Further, new care facilities were created to accommodate the growing need during the pandemic. Using non-traditional locations for patient treatment and testing opens up new risks of cyberattack, as well as traditional risks. Notable gaps in risk management, specifically in security and risk compliance, creates new opportunities for cyber-attackers.
Using non-traditional locations for patient treatment and testing opens up new risks of cyberattack.
COVID-19 brought new changes to healthcare, notably the risk third-party vendors add to cybersecurity. Temporary changes seen during COVID-19 are becoming common workplace policy, such as the shift to remote work, untraditional healthcare sites, and employee turnover. All of these changes since COVID-19 have elevated the need for increased cybersecurity.

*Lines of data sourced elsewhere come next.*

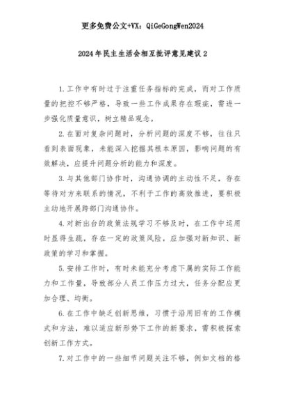 【七哥公文】2025年:2024年民主生活会相互批评意见建议2+更多免费公文+VX:QiGeGongWen2024+更多免费公文+VX:QiGeGongWen2024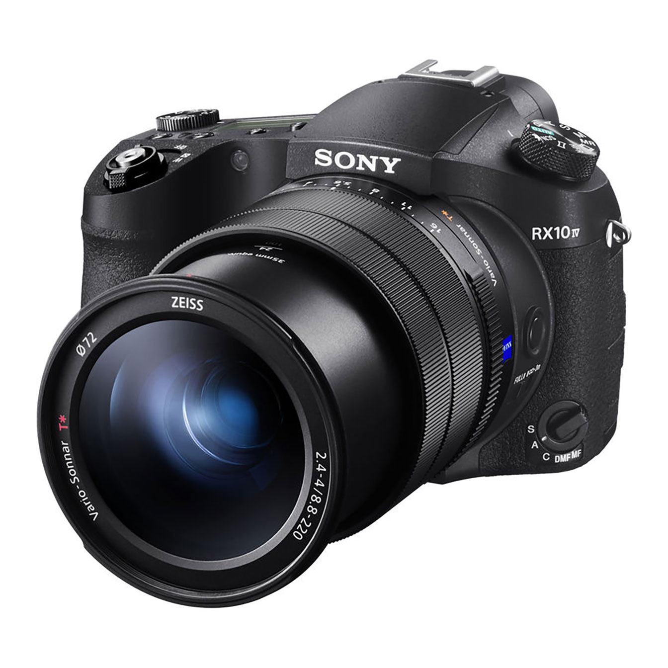 The Sony RX10 IV is a premium fixed-lens bridge camera built around a 20.1-megapixel 1-inch Exmor RS stacked CMOS sensor, paired with a ZEISS Vario-Sonnar T* 24-600mm equivalent f/2.4-4 zoom lens covering an exceptionally broad focal range in a single self-contained body. The stacked sensor architecture enables fast readout speeds that support blackout-free continuous shooting at up to 24fps and 4K video recording with minimal rolling shutter. Sony’s Fast Hybrid AF system combines phase-detection and contrast-detection autofocus, providing rapid acquisition and subject tracking performance well suited to fast-moving subjects across the zoom range. Video capabilities extend to 4K with full pixel readout and HLG picture profile support for high dynamic range workflows, alongside high-speed 1000fps slow-motion recording at reduced resolution. A fully articulating rear LCD touchscreen and a high-resolution electronic viewfinder provide flexible monitoring options across a range of shooting situations.
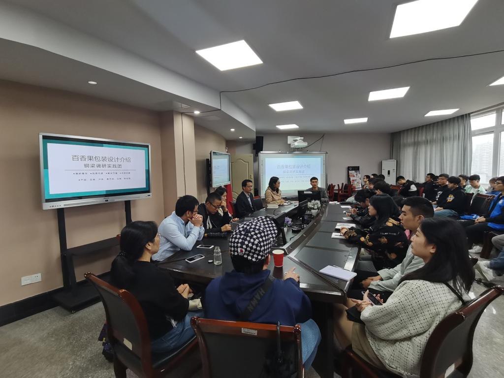 学院星包装协会会长严喆同学为大家具体介绍了此次铜梁民族团结实践团针对当地百香果包装升级的相关方案。他们从铜梁水口百香果的调研情况出发,就果实易腐败、贮存条件有限等问题设计出了十分具有特色的包装。并从结构,装潢以及保鲜等方面详细说明了相关原理与知识。此外,他还提出了现有设计的不足之处与后续推进安排,向现场的同学们征集了改进意见与建议。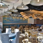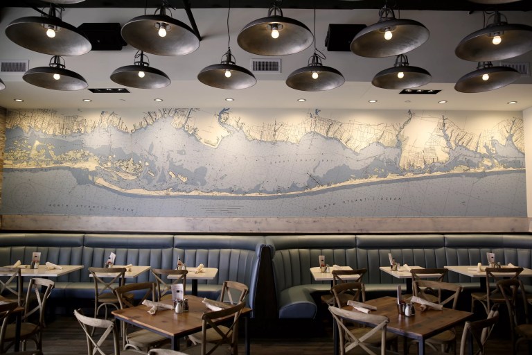 The interior of Blue Island Oyster Bar captures the feel of a New England seafood house, albeit with Cherry Creek influences. Weathered chairs and barstools contrast with a sleek and clean-lined oyster bar, while dim architectural light fixtures shed a rippling, underwater glow on mural-sized maps and photos. The menu toes the same line, with fish-shack favorites like fried clams and jumbo shrimp sharing menu space with more of-the-moment dishes such as “Thai-style” fish served with coconut and curry risotto and prik nam pla, a dipping sauce made from chiles and fish sauce.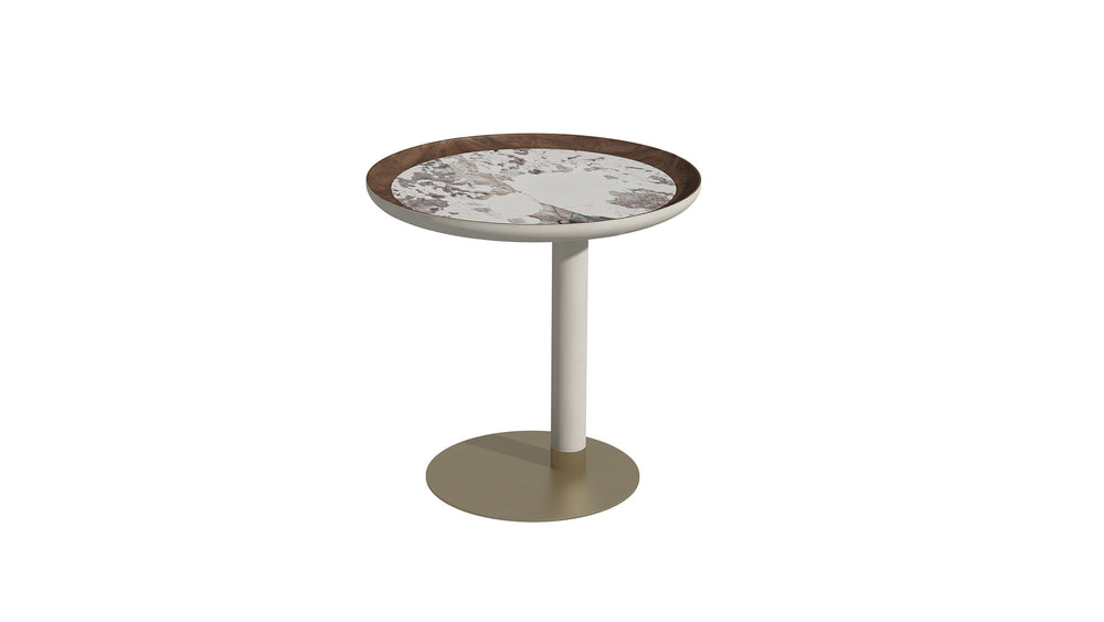 A tall round side table featuring a Snow Mountain Blue luxury marble top, upholstered in microfiber leather with solid North American walnut accents. Finished with champagne-brushed 304 stainless steel details, it offers both elegance and durability, serving as a refined accent for sofas or lounge chairs. Dimensions: φ500 × 550 mm.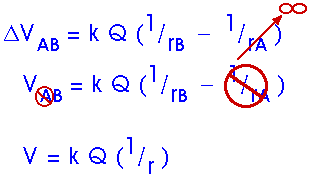 where we have taken the reference point rA to be infinity and have replaced rB with just r, the distance from the point charge Q.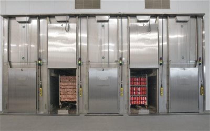 Ergänzt wird das Vemag-Anlagenprogramm für die Brüh- und Kochwurstherstellung durch Koch- und Intensivkühlanlagen im Batchverfahren. Darüber hinaus bietet der Hersteller zur weiteren Prozessoptimierung die Thermo-Verbund-Anlage als halbkontinuierliches System an. Dieses System besteht aus zwei miteinander verbundenen Sektionen: einem Aeromat als Räucher- und Kocheinheit und einer nachgeschalteten Intensivkühlanlage zum Duschen, Kühlen und Abtrocknen der Ware. Die beiden Sektionen sind durch automatisch arbeitende Türen getrennt und die Rauchwagen werden aus der Wärmebehandlung in die Kühlzone transportiert. Bei allen Anlagen werden die Prozessfunktionen automatisch überwacht, gesteuert und bei Bedarf verwaltet.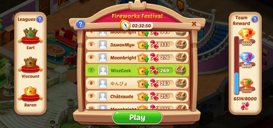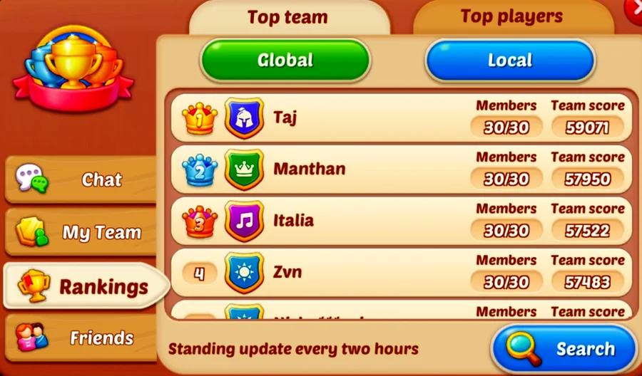 Турнирная таблица команд. У каждой команды есть очки, которые суммируются и получаются с помощью членов команды. Каждый член команды может внести свой вклад, помогая своим друзьям в команде откликаясь на их зов помощи и проходя новые уровни. Никаких подарков не предусмотрено для лидеров этой таблице, но ваша команда может испытывать гордость, за лидирующую позицию.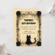 This beautiful, editable invitation features the details of the event surrounded by a frame of grey vines and black flowers. At the bottom is a black cat. On the back, is an editable field for additional information. The text on both sides is editable, so go ahead and change the details as well as the font style size and colour. The background colour on the back can be changed, too.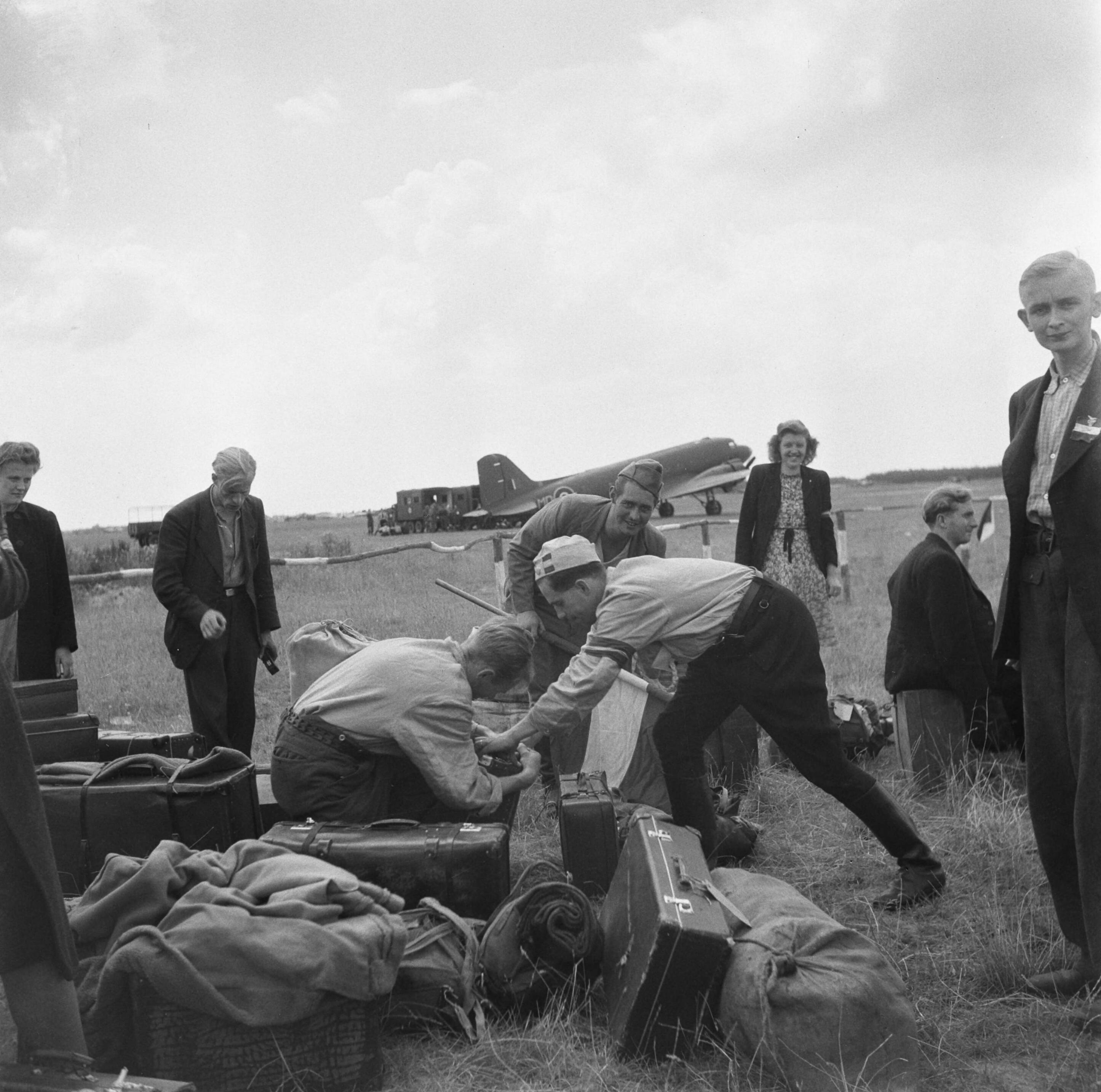 Vliegveld Eindhoven. Bagage wordt verzameld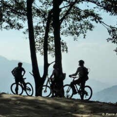 Et pourquoi en VTT ? Disons que c’est un prétexte 😉 Pour l’instant, ni Susie ni moi imaginons aller visiter un pays en bus ou en groupe, guide du routard à la main et APN en bandoulière. Manque un truc. Avec ses chevilles en chamallow, la marche à pieds n’est pas son fort. Il reste donc nos biclous de montagne, et le plaisir qui les accompagne. Le vélo permet aussi d’aborder des parcours plus ambitieux que ceux que nous pourrions couvrir à pieds, tant qu’il y a un peu de roulant évidemment, et il reste un passeport universel pour aborder les locaux, les enfants en sont fous !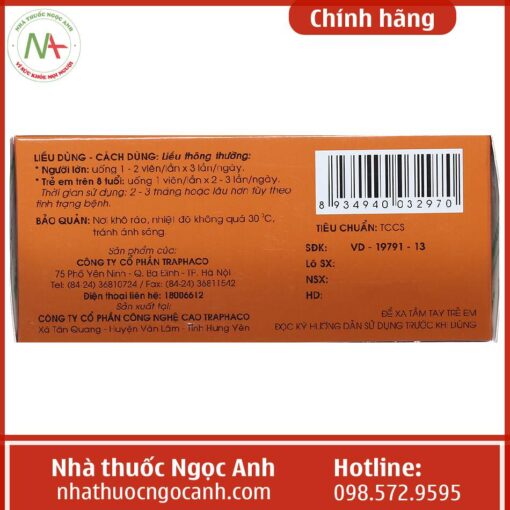 Liều dùng dành cho trẻ em ngoài 8 tuổi: mỗi lần uống 1 viên, chia làm 2 – 3 lần trong ngày.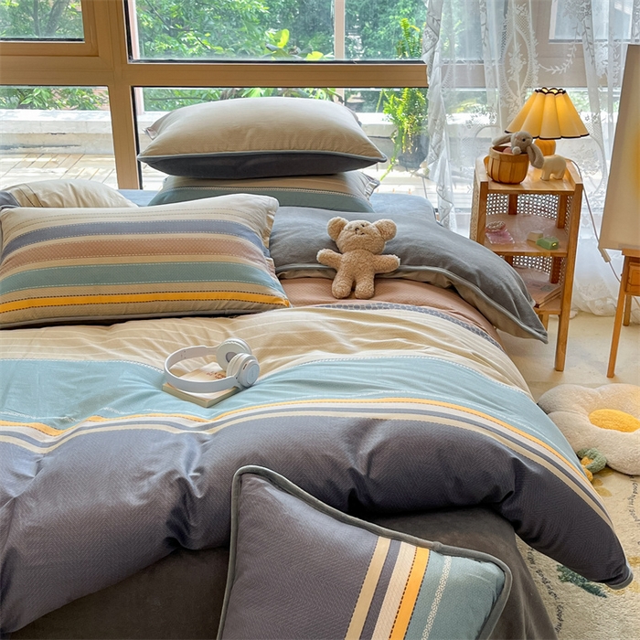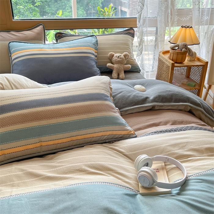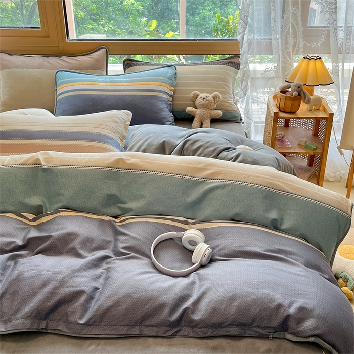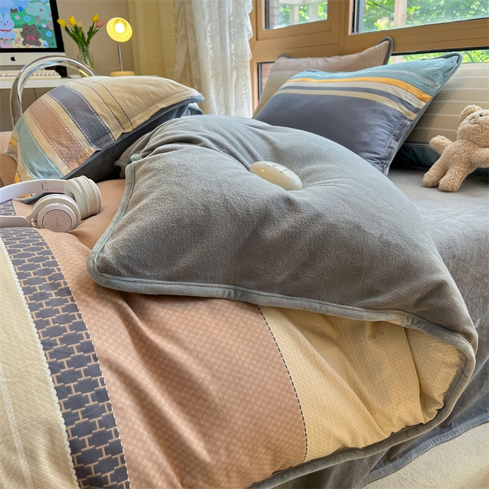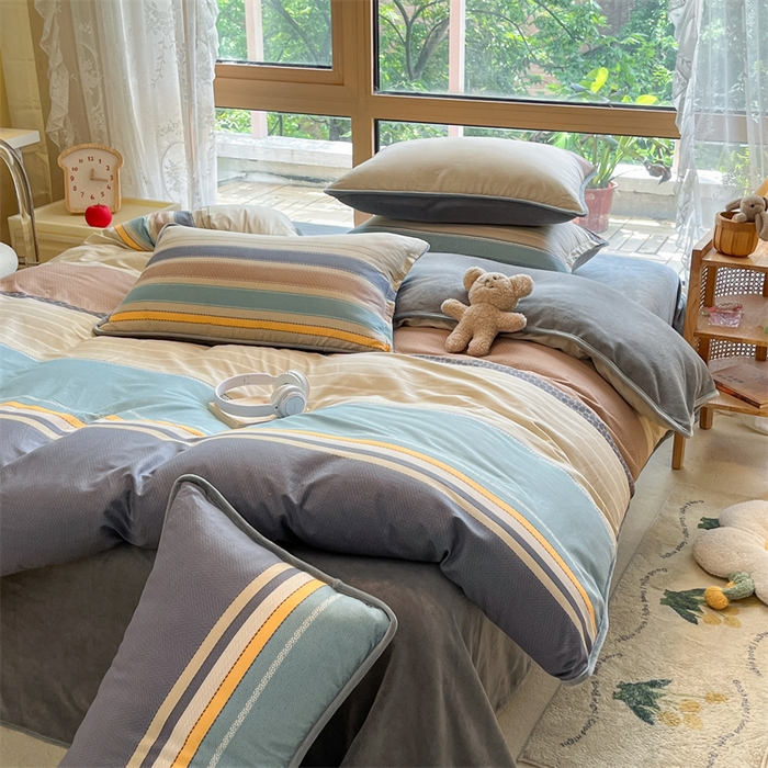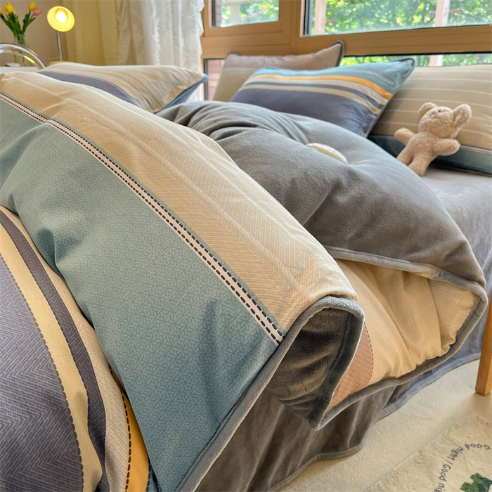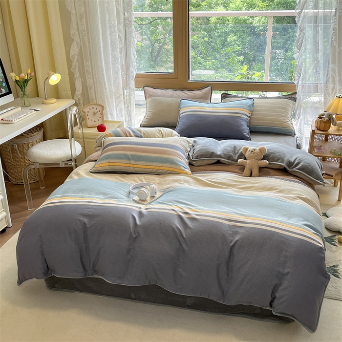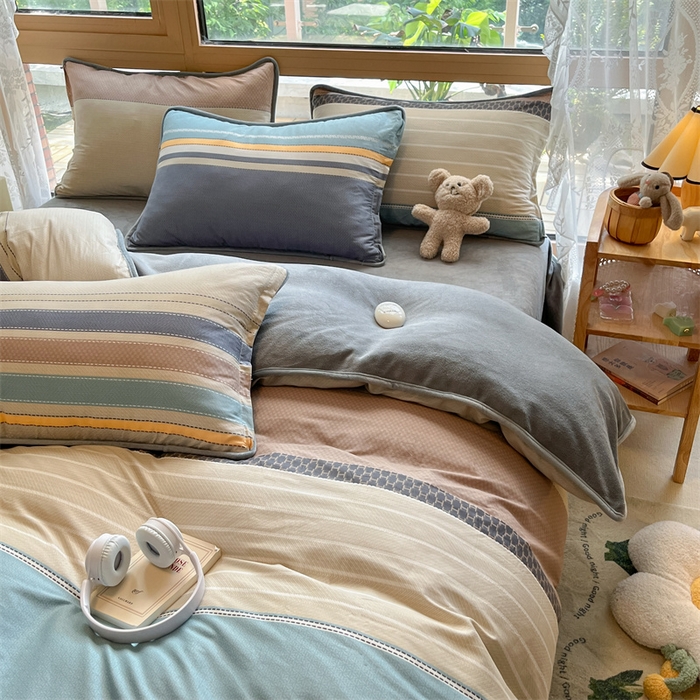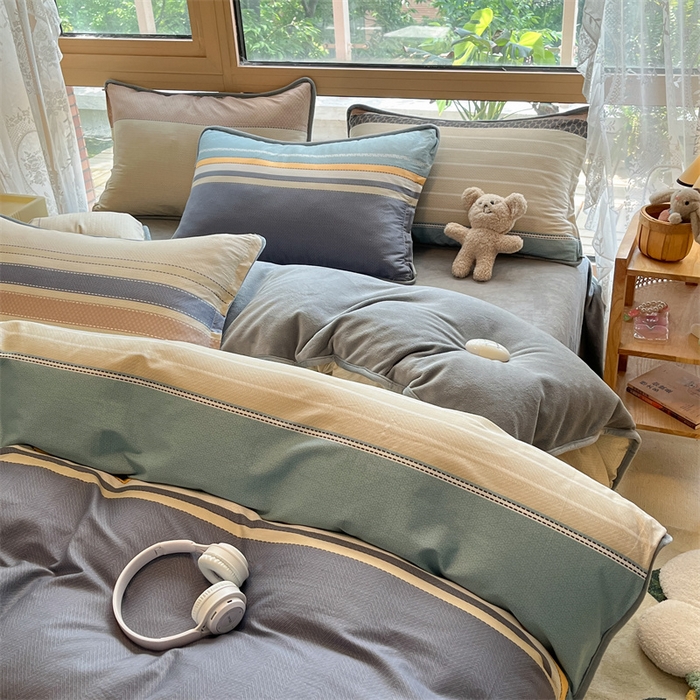 棉加牛奶绒三角针贝壳边四件套-系列一

Cybersecurity policy should be a multi-faceted approach for protecting sensitive information, with safety features like encrypted data, multi-step authentication, and risk-based controlled access. For compliance, a validation process to satisfy organization and industry frameworks should be implemented. When security and compliance are working, this process can expose new emerging risks before they become data breaches.
The Need for New Risk Management Strategies in Healthcare
Risk management strategy seeks out potential risks to the organization. If a risk is not isolated, then a potential threat is not isolated; therefore, a system for security and compliance is needed in order to seek out potential risk and mitigate the potential threat.
Third-party vendors allow for organizations to focus on patient care, rather than operations, but bring added risk to the organization. Fourth-party vendors are a typically unseen risk against data breaches, and are not always caught by a system of security and compliance.
In an industry focused on saving lives, a strategy to seek out and address potential risk is vital; health care risk management protects a vulnerable system.